LAWFUEL – The Legal Newswire – Sentinel Management Group Inc., the cash-management firm that froze client withdrawals last week, was sued by the U.S. Securities and Exchange Commission for allegedly lying to investors and misappropriating their assets.
The firm fraudulently moved at least $460 million in securities from clients’ accounts into its own and misused customers’ holdings as collateral to obtain a $321 million line of credit “for its own benefit,” the SEC said in a lawsuit filed today at U.S. District Court in Chicago.
“Sentinel did not disclose to its clients its practices of commingling, transferring and misappropriating their assets, or inform them that their investment portfolios were highly leveraged,” the SEC said in its complaint. “To the contrary, Sentinel provided its clients with daily account statements that did not reflect the improper activities.”

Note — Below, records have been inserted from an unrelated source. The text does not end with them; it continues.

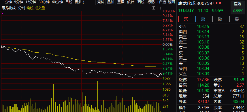 截至A股收盘,康龙化成接近跌停,该股过去一年多时间,涨了近三倍。
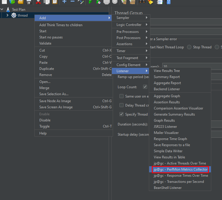 2.Test Plan의 thread에 Listener(PerfMon Metrics Collector)를 추가.
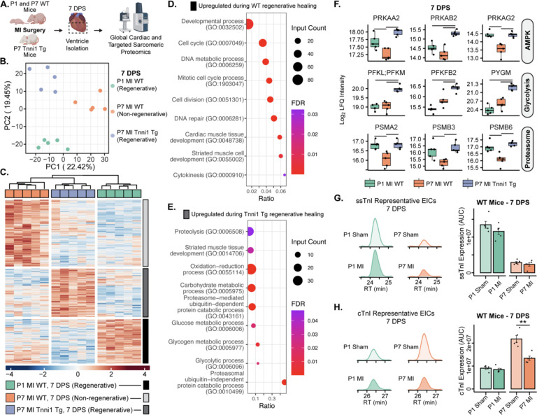 Adult mammalian cardiomyocytes have limited proliferative potential, and after myocardial infarction (MI), injured cardiac tissue is replaced with fibrotic scar rather than with functioning myocardium. In contrast, the neonatal mouse heart possesses a regenerative capacity governed by cardiomyocyte proliferation; however, a metabolic switch from glycolysis to fatty acid oxidation during postnatal development results in loss of this regenerative capacity. Interestingly, a sarcomere isoform switch also takes place during postnatal development where slow skeletal troponin I (ssTnI) is replaced with cardiac troponin I (cTnI). In this study, we first employ integrated quantitative bottom-up and top-down proteomics to comprehensively define the proteomic and sarcomeric landscape during postnatal heart maturation. Utilizing a cardiomyocyte-specific ssTnI transgenic mouse model, we found that ssTnI overexpression increased cardiomyocyte proliferation and the cardiac regenerative capacity of the postnatal heart following MI compared to control mice by histological analysis. Our global proteomic analysis of ssTnI transgenic mice following MI reveals that ssTnI overexpression induces a significant shift in the cardiac proteomic landscape. This shift is characterized by an upregulation of key proteins involved in glycolytic metabolism. Collectively, our data suggest that the postnatal TnI isoform switch may play a role in the metabolic shift from glycolysis to fatty acid oxidation during postnatal maturation. This underscores the significance of a sarcomere-metabolism axis during cardiomyocyte proliferation and heart regeneration.
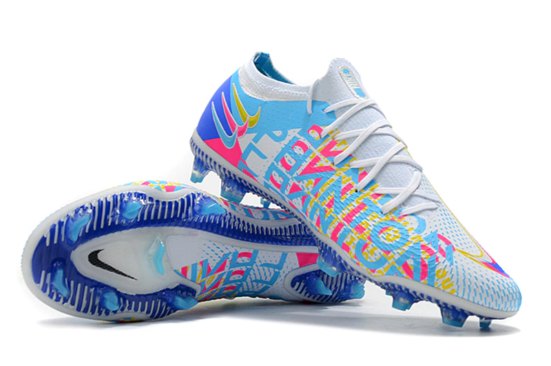 Uma sobreposição repetida com as palavras "Phantom", "Skills" e "Nike Football" cria um look com inspiração em 3D.

The case shows how the sudden tightening of credit markets in recent weeks may flush out money managers who borrowed heavily against their clients’ securities. The SEC said Sentinel’s customers suffered undisclosed losses for months before the company sent them a letter Aug. 13, claiming it couldn’t return their money without selling their assets “at deep discounts” and incurring losses. The letter falsely blamed Sentinel’s predicament on the “liquidity crisis,” the SEC said.
Caleb Castillo-Olszta, an operations associate answering phone calls at Sentinel’s office in Northbrook, Illinois, said the company is not commenting on the regulator’s case.